Service Level Objectives (SLOs)

This document outlines our defined SLOs, alerting thresholds, and how we validate system performance under load.


  1. Run Start Latency (p95)

    • Target: ≤ 2s to enqueue a workflow run after API POST /runs.
    • Alert: p95 latency > 5s sustained for 5 minutes.
  2. Run Success Rate

    • Target: ≥ 99% of runs succeed end-to-end.
    • Alert: success rate < 95% for 10 minutes.
  3. Stream Gaps (SSE)

    • Target: zero dropped or out-of-order events.
    • Alert: >10 SSE gaps/minute per instance.

  • Run start latency: Alert critical >5s, warning >3s.
  • Run success rate: Alert critical <95%, warning <98%.
  • Stream gap rate: Alert critical >50/min, warning >10/min.

We use load tests (e.g.
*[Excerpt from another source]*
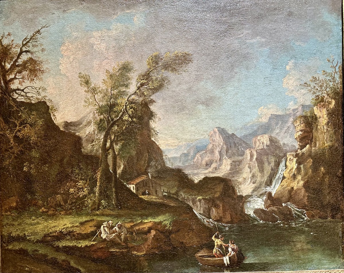 Landscape with Waterfall by Alessandro Magnasco (1667–1749). Circle. Our painting reflects the landscape style specific to Alessandro Magnasco, featuring dramatic, steep mountains, gnarled trees, and isolated figures within a vast landscape, creating a wild and romantic atmosphere. It belongs to the tradition of Italian landscape painting from the Genoese school of the late 17th and early 18th centuries. Oil on canvas; Dimensions: with frame, width 62 cm, height 52 cm. Without frame, width 47 cm, height 38 cm.
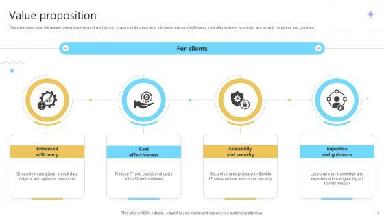 This slide showcases the unique selling proposition offered by the company to its customers. It includes enhanced efficiency, cost effectiveness, scalability and security, expertise and guidance. Are you in need of a template that can accommodate all of your creative concepts This one is crafted professionally and can be altered to fit any style. Use it with Google Slides or PowerPoint. Include striking photographs, symbols, depictions, and other visuals. Fill, move around, or remove text boxes as desired. Test out color palettes and font mixtures. Edit and save your work, or work with colleagues. Download Value Proposition Cloud Computing Services Business Model PPT PowerPoint and observe how to make your presentation outstanding. Give an impeccable presentation to your group and make your presentation unforgettable. This slide showcases the unique selling proposition offered by the company to its customers. It includes enhanced efficiency, cost effectiveness, scalability and security, expertise and guidance.

Locust, k6) to validate SLOs at scale:

  • Ramp up to 1000 concurrent runs.
  • Measure latency distribution, stream continuity, and worker throughput.
  • Compare against defined targets.

When the system is overloaded:

  • API returns 429 Too Many Requests with Retry-After header.
  • Clients must back off and retry after suggested interval.
  • This ensures event queues and API servers are not overwhelmed.

  • SLO compliance is reviewed quarterly.
  • Dashboards and alerting rules in Prometheus/Grafana enforce these thresholds.
  • SLO outcomes feed into error budgets for operational planning.